ACTIVITY:
All lines from the top of the records below through the line holding "2255- أخبرنا أبو", and only those, should be printed exactly, minus the pictures.

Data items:

—————

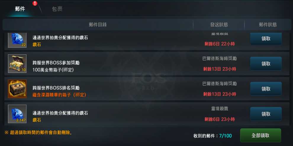 - 物品成功拍賣後,成交金額將平均分配給成功討伐世界BOSS耶夢加得的角色,並以郵件發送(得標者除外)。
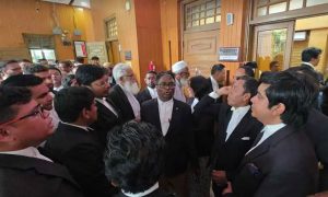 ভার্চুয়াল কোর্ট বাতিলের দাবিতে সুপ্রিম কোর্ট প্রাঙ্গণে আইনজীবীদের বিক্ষোভ
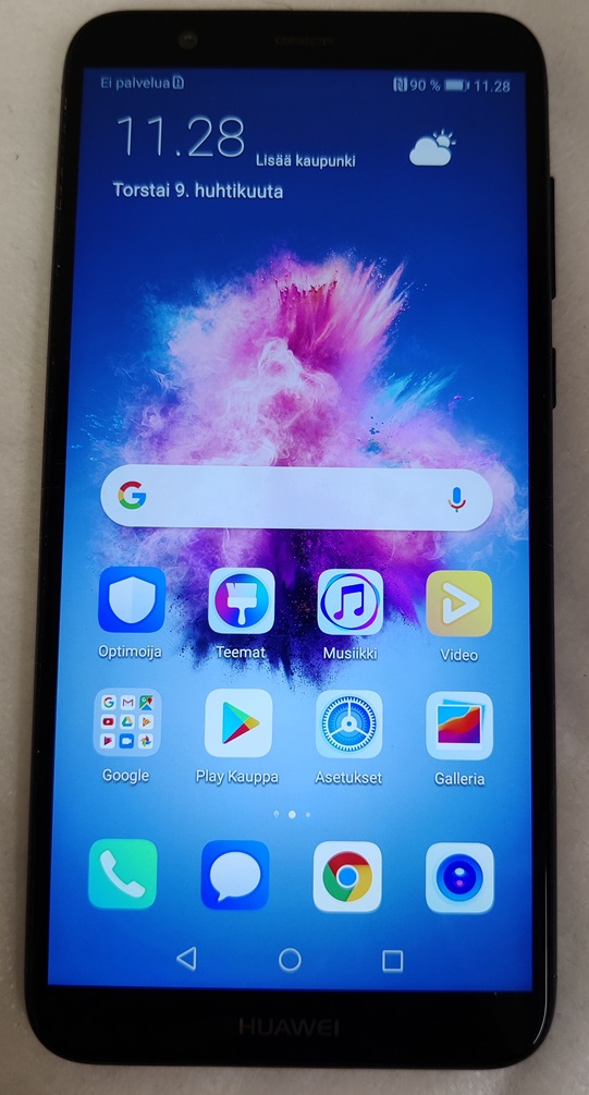 Huawei P Smart, FIG-LX1, 32GB. Näytössä on pieniä naarmuja. Takakannessa on kulumaa ja käytön jälkeä. Puhelin on hieman taipunut. Testattu ja toimiva
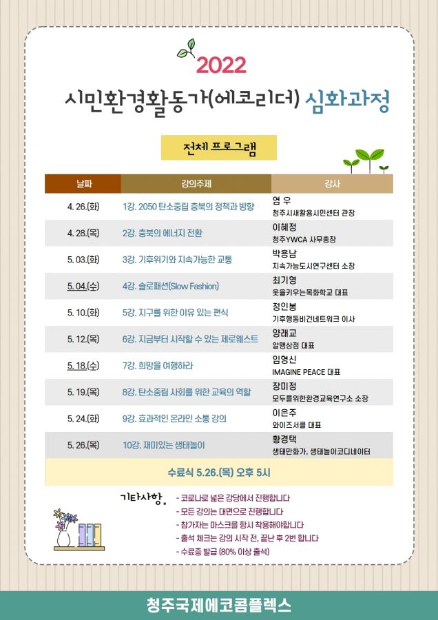 * 청주국제에코콤플렉스 에코리더협의회 에코리더 (1기~5기) 대상
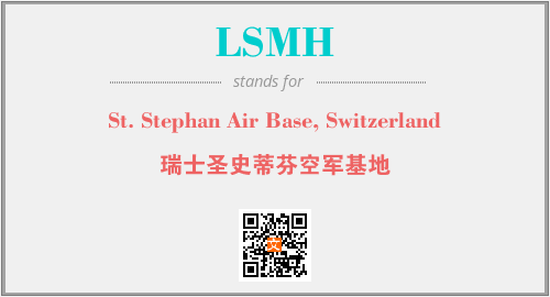 英文缩略词“LSMH”经常作为“St. Stephan Air Base, Switzerland”的英文缩写来使用,中文表示:“瑞士圣史蒂芬空军基地”。本文将详细介绍英文缩写词LSMH所代表英文单词,其对应的中文拼音、详细解释以及在英语中的流行度。此外,还有关于缩略词LSMH的分类、应用领域及相关应用示例等。
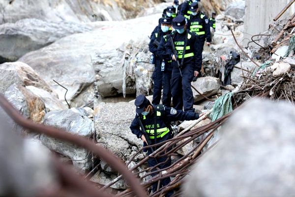 移民警察沿著口岸兩翼進行日常巡邏。鄒興國攝
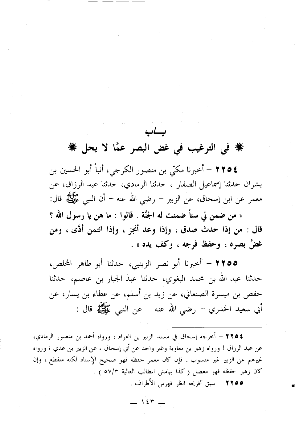 2255- أخبرنا أبو نصر الزينبي، حدثنا أبو طاهر المخلص، حدثنا عبد الله بن محمد البغوي، حدثنا عبد الجبار بن عاصم، حدثنا حفص بن ميسرة الصنعاني، عن زيد بن أسلم، عن عطاء بن يسار، عن أبي سعيد الخدري –رضي الله عنه- عن النبي صلى الله عليه وسلم قال:
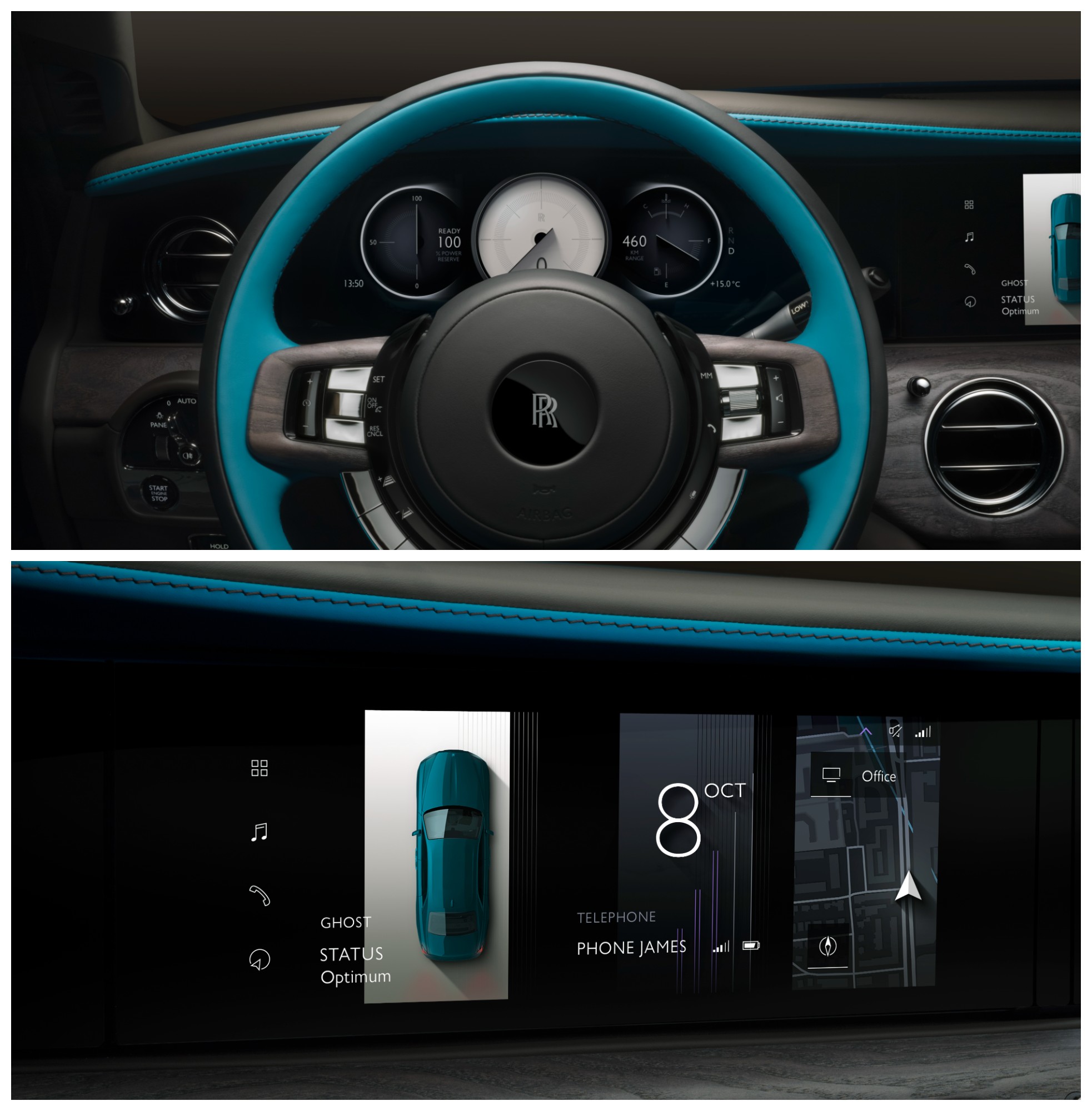 Bên trong chiếc xe Ghost Series II là lời tôn vinh dành cho sự tỉ mỉ của những chuyên gia Rolls-Royce trên cả thế giới kỹ thuật số. Bên dưới tấm kính liền khối mới, Màn hình Thông tin Trung tâm tích hợp hệ điều hành hiện đại của thương hiệu, cho phép khách hàng Bespoke cả màu sắc của các đồng hồ hiển thị thông số nhằm mang đến vẻ đẹp hài hòa hơn cho không gian nội thất. Hệ điều hành SPIRIT tích hợp Whispers, ứng dụng thiết kế riêng cho khách hàng của Rolls-Royce. Thông qua ứng dụng này, chủ nhân có thể gửi trực tiếp điểm đến từ điện thoại vào chiếc xe của họ, xem vị trí của chiếc xe và quản lý khóa xe từ xa, cho phép khách hàng trải nghiệm một phong cách sống hiện đại và linh hoạt hơn.

—————

EXPECTED ANSWER:
 - 物品成功拍賣後,成交金額將平均分配給成功討伐世界BOSS耶夢加得的角色,並以郵件發送(得標者除外)。
 ভার্চুয়াল কোর্ট বাতিলের দাবিতে সুপ্রিম কোর্ট প্রাঙ্গণে আইনজীবীদের বিক্ষোভ
 Huawei P Smart, FIG-LX1, 32GB. Näytössä on pieniä naarmuja. Takakannessa on kulumaa ja käytön jälkeä. Puhelin on hieman taipunut. Testattu ja toimiva
 * 청주국제에코콤플렉스 에코리더협의회 에코리더 (1기~5기) 대상
 英文缩略词“LSMH”经常作为“St. Stephan Air Base, Switzerland”的英文缩写来使用,中文表示:“瑞士圣史蒂芬空军基地”。本文将详细介绍英文缩写词LSMH所代表英文单词,其对应的中文拼音、详细解释以及在英语中的流行度。此外,还有关于缩略词LSMH的分类、应用领域及相关应用示例等。
 移民警察沿著口岸兩翼進行日常巡邏。鄒興國攝
 2255- أخبرنا أبو نصر الزينبي، حدثنا أبو طاهر المخلص، حدثنا عبد الله بن محمد البغوي، حدثنا عبد الجبار بن عاصم، حدثنا حفص بن ميسرة الصنعاني، عن زيد بن أسلم، عن عطاء بن يسار، عن أبي سعيد الخدري –رضي الله عنه- عن النبي صلى الله عليه وسلم قال:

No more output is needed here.